I don’t know what I’d do without you. I just don’t.

It’s official: I finally have my drivers license! I passed with a score of 94 on my second take. I’d waited long for it, and now it’s a reality. I’m filled with such utter relief and happiness– you don’t even know. It’s a wonderful feeling. I did it, I did it, I did it! When the woman told me I passed, my eyes welled up with tears. I’ll remember this day as one of the most important days of my life. Well, at least as one of the most important days of my life so far. (lol. Imagine that. I managed to get a little bit of Homer Simpson in my blog.)

“No more tears.” – Ozzy Osborne

It seems a bit silly, but I think what I need– more than anything sometimes– is to know that I’m your favorite. Someone’s favorite. Or at least to feel like I’m your favorite; to be treated like a favorite. Because, you’re my favorite. And I won’t let you forget it.

“That’s what she said.” I swear, this is the most versitale phrase in the book.

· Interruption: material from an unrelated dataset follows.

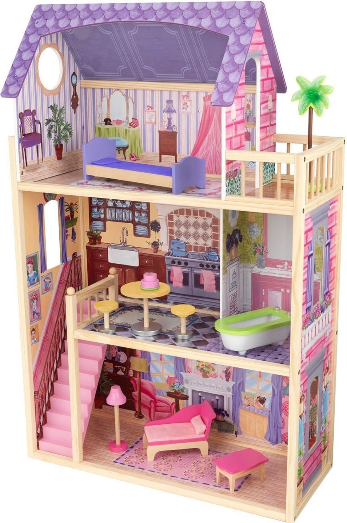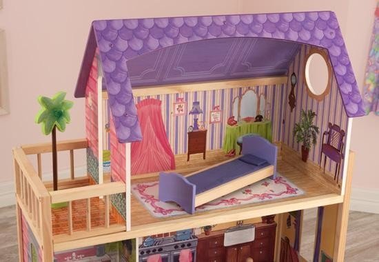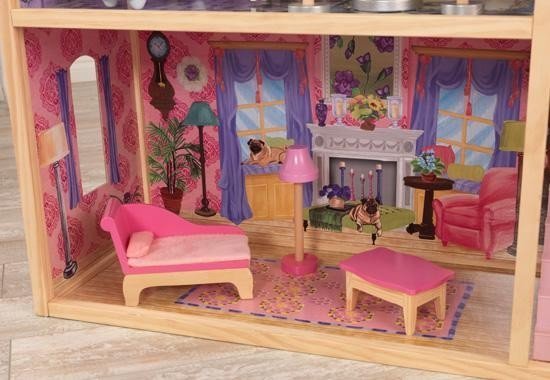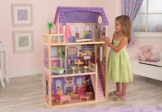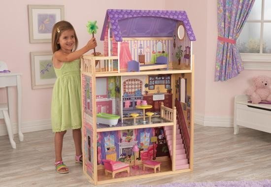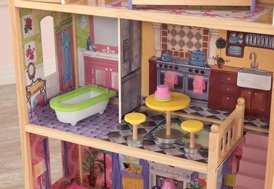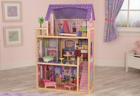 Приятные особенности кукольного домика с мебелью KidKraft "Кайла": идеальный презент для ребенка на день рождение. Это место будет любимым местом обитанием кукол ростом до 30 см. Розовыми и сиреневыми оттенками пестрит этот особняк. Боковые стенки выполнены в виде рисунка с имитацией массивной кладки из кирпича. Элементы фасада сделаны с использованием различных оттенков василькового цвета. Такие тона создают эффект легкости, богатства и воздушности. Конструкция домика продумана до самых мельчайших подробностей. Здесь созданы условия для комфортного и уютного отдыха. Внутренняя часть помещения выполнена в современном стиле с использованием традиционной классики. Для изображения напольных и настенных покрытий используются ламинат, обои, керамическая плитка и тому подобное. Внешний вид особняка заставляет задуматься о спокойной и размеренной жизни. Домик имеет 4 комнаты. Каждая из них имеет свои отличительные черты и особенности. На нижнем этаже расположена уютная гостиная с камином. На 2-м этаже – ванная и кухня. Спальная комната находится на 3-ем этаже. Чтобы подняться на второй этаж, можно воспользоваться маленькой и компактной лестницей. В наборе имеются 10 дополнительных мебельных аксессуаров, которые будут гармонично сочетаться с интерьером комнаты. Даже самому захочется пожить в таком роскошном, красивом и ярком домике!

It’s akin to slapping the words ‘in bed’ to the end of a line inside a fortune cookie. It pretty much always works. What’s more: I don’t know how, but almost every little innocent thing that comes out of my mouth can be immediately followed by “that’s what she said.” It’s unbelievable! (Yes, it has been done. Oh, has it been done. Perverts. lol.)

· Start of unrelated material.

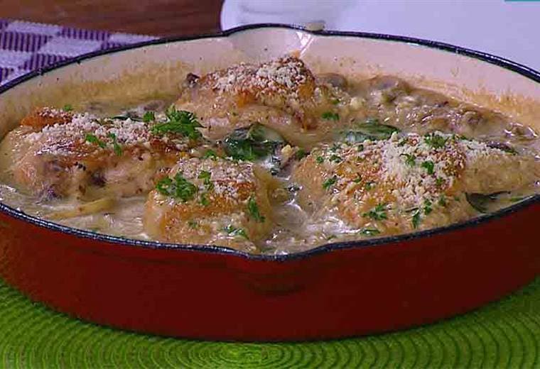 Agregar la crema dulce, el caldo de pollo y el queso. Devolver las piezas de pollo a la sartén y llevar al horno por 20 minutos aproximadamente hasta que el pollo se cocine bien.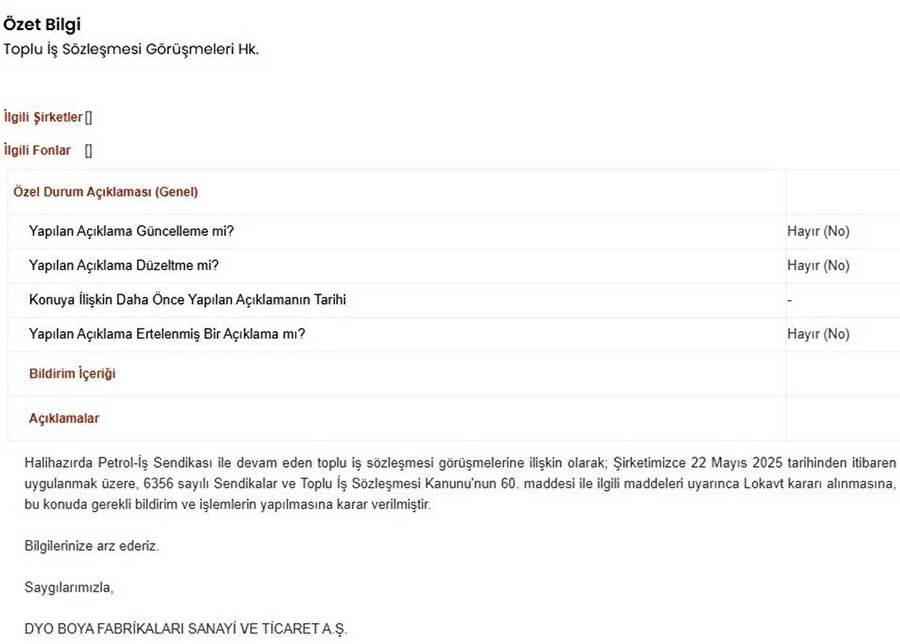 - "Halihazırda Petrol-İş Sendikası ile devam eden toplu iş sözleşmesi görüşmelerine ilişkin olarak; Şirketimizce 22 Mayıs 2025 tarihinden itibaren uygulanmak üzere, 6356 sayılı Sendikalar ve Toplu İş Sözleşmesi Kanunu'nun 60. maddesi ile ilgili maddeleri uyarınca Lokavt kararı alınmasına, bu konuda gerekli bildirim ve işlemlerin yapılmasına karar verilmiştir."

And then you called me ‘honey.’

I happen to be attracted to pleasing voices. Voice is important to me, mainly because sound is important to me. My list of individuals with rather appealing, soothing, or sexy voices includes: Kevin Costner, Elvis Presley, John Cusack, and Chris Isaak. I would put Jonny Lang on the list, but I’m only in love with his singing voice.

I’ve always known it, but now I know why: I can better express myself by writing. Give me a chance to be open and honest, to be clear-minded, or unabashed, and I will choose the pen over speech. I have a voice– a strong voice at that– but journals and blogs suit me best. I choose the pen because it makes me feel like I can say anything. I tend to restrain myself in day-to-day conversations, but when I put my pen to paper (or when I set my fingers to the keyboard), that self-restraint vanishes. I can be free. I can swim from the shallow end of the pool to the deep. And I can dive down, down, down. As far down as I want to go.

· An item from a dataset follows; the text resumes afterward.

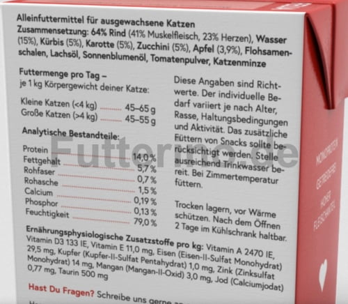 64% Rind* (41% Muskelfleisch, 23% Herzen), Wasser* (15%), Kürbis* (5%), Karotte* (5%), Zucchini* (5%), Apfel* (3,9%), Flohsamenschalen*, Lachsöl*, Sonnenblumenöl*, Tomatenpulver*, Katzenminze*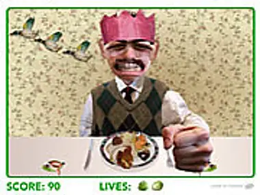 Use the left and right cursor keys to defend your christmas dinner from attacking sprouts.

I love it when, unexpectedly, I discover or even re-discover an aquaintance of mine. Suddenly, that two-dimensional someone transforms and becomes a three-dimensional, highly-regarded individual. Sure, I’d acknowledged him or her in the past. With a discovery, however, it changes: Now I’m intrigued. The more I look for, the more I see, the more I look for. (Percy, anyone?) I wish those happened more often.

Update: Sara is juggling more than is necessary. Still.